Unique identifier for this tool call. If not provided, a UUID will be automatically generated.
Name of the tool being called. Can also be set using tc.name().
Observatory API key. If not provided, uses the TCC_API_KEY environment variable.
Custom Observatory endpoint URL. If not provided, uses the TCC_URL environment variable or defaults to production.
Returns
Returns a ToolCall object with the following methods:
name()
Set the tool name:
tc.name(tool_name: str) -> ToolCall
Name of the tool or function being invoked
args()
Set the arguments passed to the tool:
tc.args(value: Union[str, Dict[str, Any]]) -> ToolCall
value
Union[str, Dict[str, Any]]
required
Tool arguments as a string or dictionary. Dictionaries are automatically JSON-serialized.
result()
Set the result returned by the tool:
tc.result(value: Union[str, Dict[str, Any]]) -> ToolCall
value
Union[str, Dict[str, Any]]
required
Tool result as a string or dictionary. Dictionaries are automatically JSON-serialized.
status()
Set the status code and optional message:
tc.status(
code: int,
message: Optional[str] = None
) -> ToolCall
Status code: 0 = success, 1 = partial success, 2 = error
Human-readable status message
end()
Finalize and send the tool call data:
You must set the tool name (via constructor or tc.name()) before calling tc.end(), or a ValueError will be raised.
error()
Mark the tool call as failed and send immediately:
tc.error(status_message: str = "") -> None
Error message describing what went wrong
Usage Examples
from contextcompany import run
r = run()
# Create a tool call from the run object (recommended)

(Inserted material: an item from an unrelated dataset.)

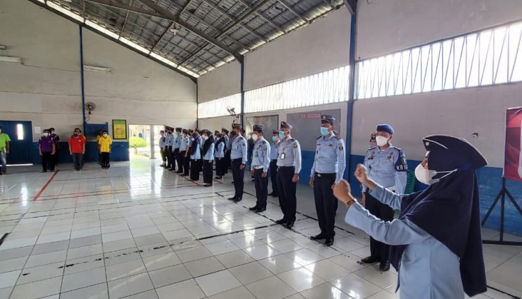 BANDAR LAMPUNG – Petugas Lapas Narkotika Kelas IIA Bandar Lampung bersama warga binaan pemasyarakatan (WBP) melakukan deklarasi bersama untuk pernyataan komitmen bebas dari Handphone, Pungli dan Narkoba (Halinar). Pernyataan deklarasi tersebut berlangsung di Aula Lapas Narkotika Bandar Lampung, Jumat (24/9/2021).
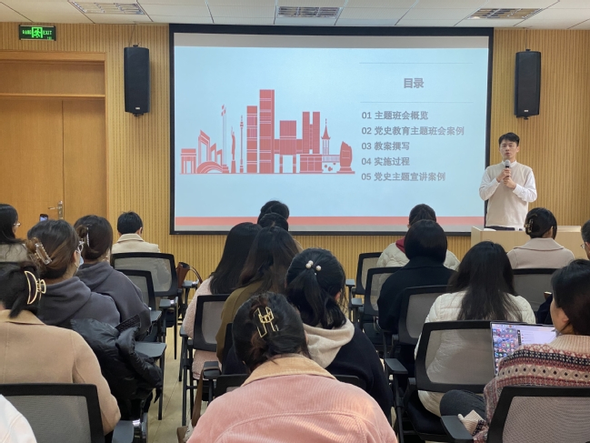 党史教育主题班会是高校开展思想政治教育的重要组成形式,是组织开展大学生德育活动的有效手段,也是管理班级的有效途径。张昂老师从主题班会的价值、主题班会的选题对主题班会进行了概述,接着从学情分析、教案撰写、班会实施过程、总结升华、注意事项几个方面介绍了辅导员如何开展党史教育主题班会。张昂老师为辅导员展示了他获得“2021年同济大学辅导员班会设计比赛一等奖”时的直播片段,分享了他当时的设计思路、准备过程及比赛现场情况,为我校辅导员团队的主题班会探索带来了有益的借鉴和指导。最后,毛燕静部长作了总结发言并对辅导员主题班会的长期规划提出了新要求。

tc = r.tool_call(tool_name="get_weather")
tc.args({"location": "San Francisco"})
tc.result({"temperature": 65, "condition": "sunny"})
tc.end()
r.prompt(user_prompt="What's the weather in SF?")
r.response("It's 65°F and sunny.")
r.end()
from contextcompany import run, tool_call
r = run()
# Create a tool call using the run_id
tc = tool_call(run_id=r.run_id, tool_name="search_database")

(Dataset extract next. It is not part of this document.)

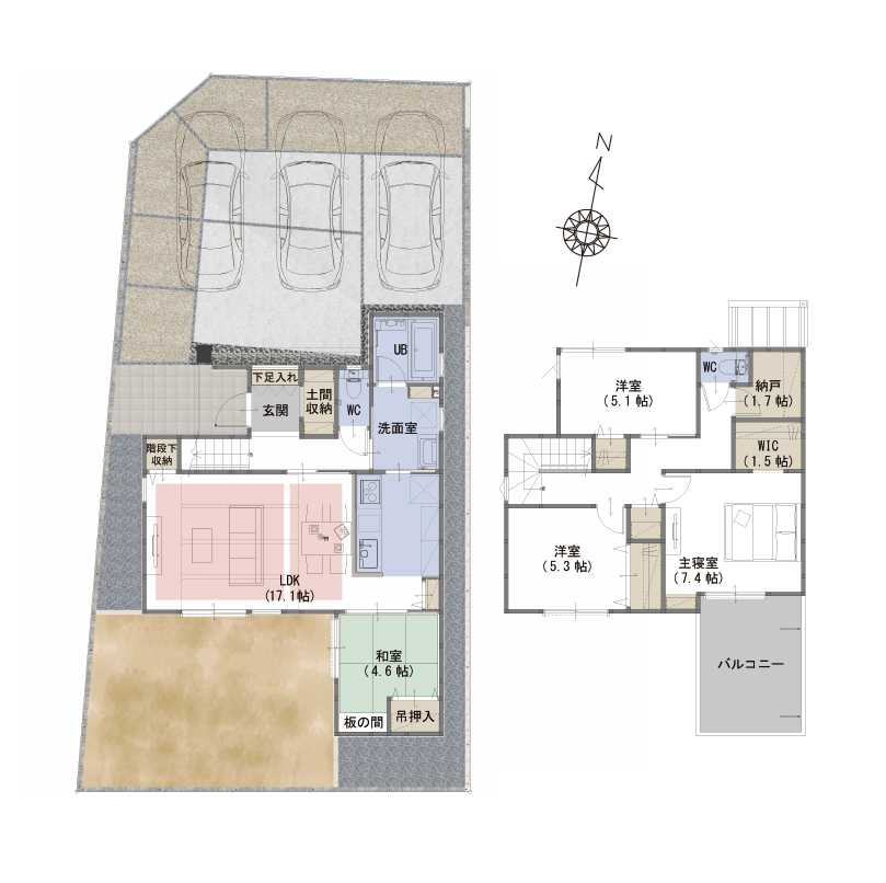WIC、納戸、土間収納、階段下収納など生活スタイルに合わせて住空間を確保

tc.args({"query": "SELECT * FROM users"})
tc.result({"count": 42, "rows": [...]})
tc.end()
r.prompt(user_prompt="How many users?")
r.response("There are 42 users.")
r.end()
from contextcompany import run
import json
r = run()
tc = r.tool_call(tool_name="execute_code")

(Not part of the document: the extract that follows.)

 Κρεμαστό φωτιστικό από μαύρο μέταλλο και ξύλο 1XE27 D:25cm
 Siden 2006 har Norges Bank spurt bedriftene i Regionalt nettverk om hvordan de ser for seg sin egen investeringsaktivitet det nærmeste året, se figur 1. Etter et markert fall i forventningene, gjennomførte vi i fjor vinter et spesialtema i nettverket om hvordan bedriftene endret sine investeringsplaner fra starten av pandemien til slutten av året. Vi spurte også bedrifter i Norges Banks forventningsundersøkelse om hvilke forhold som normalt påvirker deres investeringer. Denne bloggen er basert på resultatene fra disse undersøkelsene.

# Pass arguments as JSON string
tc.args(json.dumps({
"language": "python",
"code": "print('Hello, world!')"
}))
tc.result("Hello, world!")
tc.end()
r.prompt(user_prompt="Run hello world")
r.response("Code executed successfully.")
r.end()
from contextcompany import run
r = run()
tc = r.tool_call() # No name provided initially
# Set name later
tc.name("fetch_data")
tc.args({"endpoint": "/api/users"})
tc.result({"status": "success", "data": [...]})
tc.end()
r.prompt(user_prompt="Get user data")
r.response("Fetched user data successfully.")
r.end()
from contextcompany import run
r = run()
# First tool call: get weather
tc1 = r.tool_call(tool_name="get_weather")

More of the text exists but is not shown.